Because it's not his fault if... - Are you talking to me? - No, I speak in general. All that's been said tonight... - should I say this? - has been very interesting to me. I think that... - maybe I'm wrong - but at least if my presence has helped bring these things out, then that's something. I don't know if I furnished the occasion, the trigger... At any rate, I'm very pleased to have heard a number of things, some of which are very contradictory, conflicting with one another... and yet interesting and important. That's how I heard
it, anyway, especially what Said said. There was a lot of truth in that, as someone else over there already said, there's a lot of truth in what he said. When he said that... How should I put it? "It's always one-sided, always us who have to make the concessions." He said something very important there. The problem, though, is the pessimistic conclusion. So now I say to him: Why conclude so pessimistically? Why not listen to what was said here on my left? "It's up to us to take action, "to get things moving - I would add -
collectively, "it's up to us to get mobilised. "And maybe we should make some concessions between ourselves "so that we have fewer concessions to make to those we must fight." I'm not preaching fraternity at any price. There are conflicts everywhere. Here too! I think conflicts are, in part, the expression or the consequence of the oppression suffered by the people who've spoken here. The paradox is - and it's as old as the hills - that the dominant divide the dominated. And they don't even have to try to do so. They say "divide and rule", but they don't
even have to. Conflicting interests, antagonisms, prejudice... Someone mentioned prejudice. I'm sorry but I think that he was completely right. We're all full of prejudice. One of the reasons why the work of the sociologist is so difficult is because he too carries prejudice, and he has as much of a struggle against his own as against others'. I found this debate very moving and, deep down, I'm glad that it took place. And maybe... - but this is being optimistic - maybe it could be the beginning of... Someone made a mean allusion to my role in a recent
conflict at the radio France Culture - they didn't mention my name but they obviously meant me - that I had dispatched some agitprop experts at France Culture. For the youngsters who don't know what "agitprop" is, that means professional agitators, they were individuals whose mission was to go among the people and preach revolution. So, if I've done just a little bit of agitprop myself here, which, in all modesty, was in part my intention, and if it's worked a bit, then I'm very happy. One problem is how to continue this agitprop? By creating an association, a discussion
group? How to continue this discussion? In some respects, it's too easy. Bourdieu serves as your scapegoat. It's a classic strategy: Kill the analyst. It's easy: You make fun of him and get yourself noticed. But when Bourdieu's gone, if the effect produced this evening could go on and the agitprop became self-managed, and the agitated became agitators - agitating themselves first of all - then I'd be really happy. I won't have been totally useless. People bad-mouth sociologists, and often with good reason.
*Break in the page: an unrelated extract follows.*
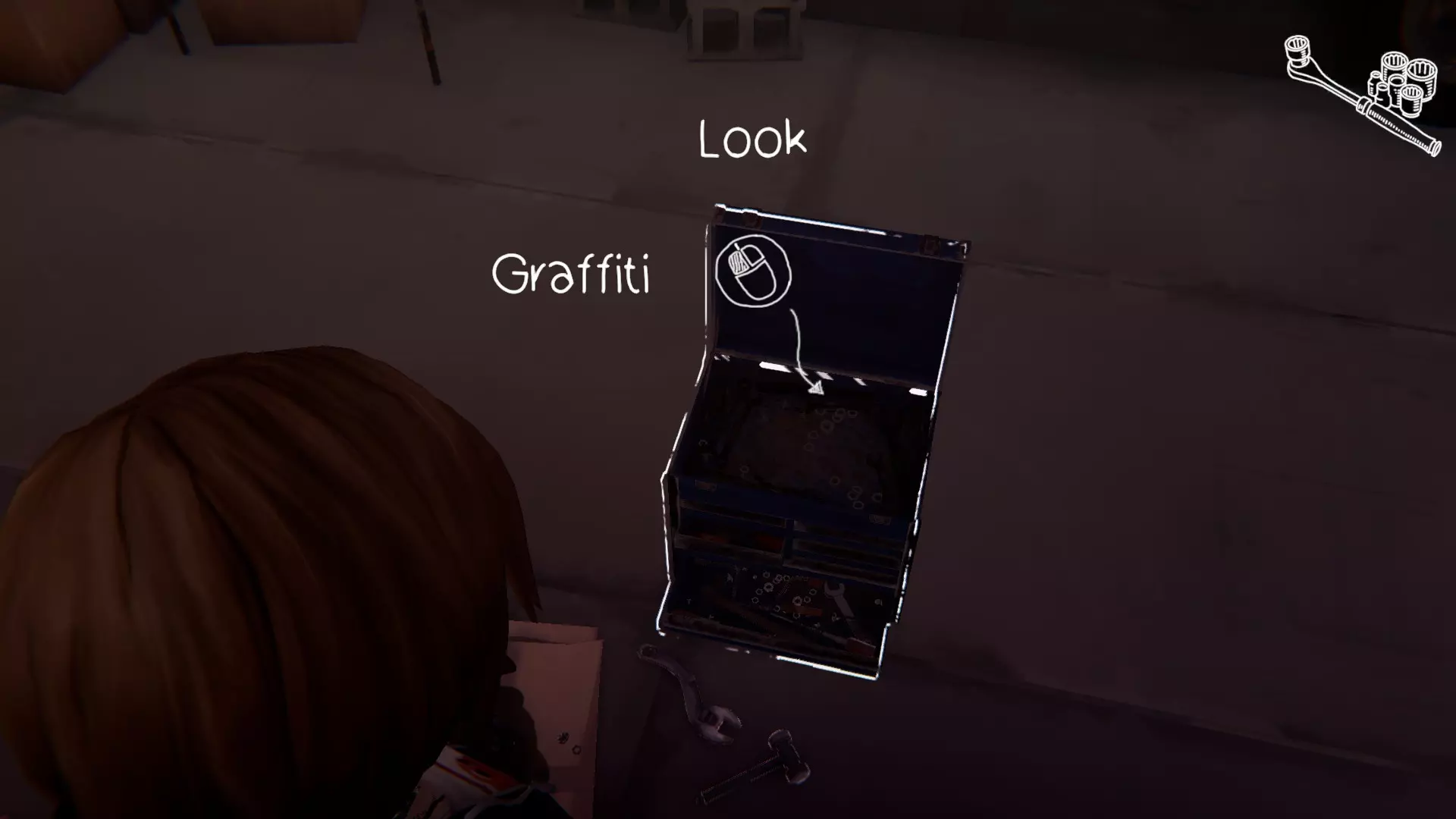4. 普莱斯家 - 楼下。[1/1] 第四个涂鸦地点在车库的工具箱里。 打开箱子,拿出工具进行涂鸦。

There are some... I don't recall who said, "The social workers are part of the problem."
But in the work that we do... Well, I won't say it here because a social worker's work isn't fun every day, but their relationship with the people they work with is very complicated. They're in a relationship of bad faith If you read 'La Misére du Monde', there are some pathetic accounts by social workers who know very well that they're helpless and who spend half their time convincing themselves that they serve a purpose as well as making the people they're working with believe that they serve a purpose. Lots of teachers know that they are helpless, and
so on. These are some naive reactions. But I was very moved and maybe this won't just be a flash in the pan. Maybe this room, or another, could become the site where people start to take matters into their hand. That all sounds a bit like I'm moralizing. But we have to take matters into our own hands. We have to get mobilised. I remember, not long ago, at the end of a debate similar to this one, in Strasbourg, with German trade unions, the sort of thing I explained... Four young men of Arab descent addressed me: "What's
the use? My father, grandfather... Exploitation...", etc. And I said to them, "Why not start a movement mobilizing immigrants of all origins?" Well, that's not the sort of thing you say in a university hall. I said, "Why not? Why not?" That's why the only thing I can't agree with in what Said said is the pessimistic conclusion. I don't think there's any reason why... Your conclusion was a bit pessimistic, you must admit that. Yes, okay, the observation, but... The situation we're in is a pessimistic one. When you leave, the problem remains. I agree, I'm not denying that.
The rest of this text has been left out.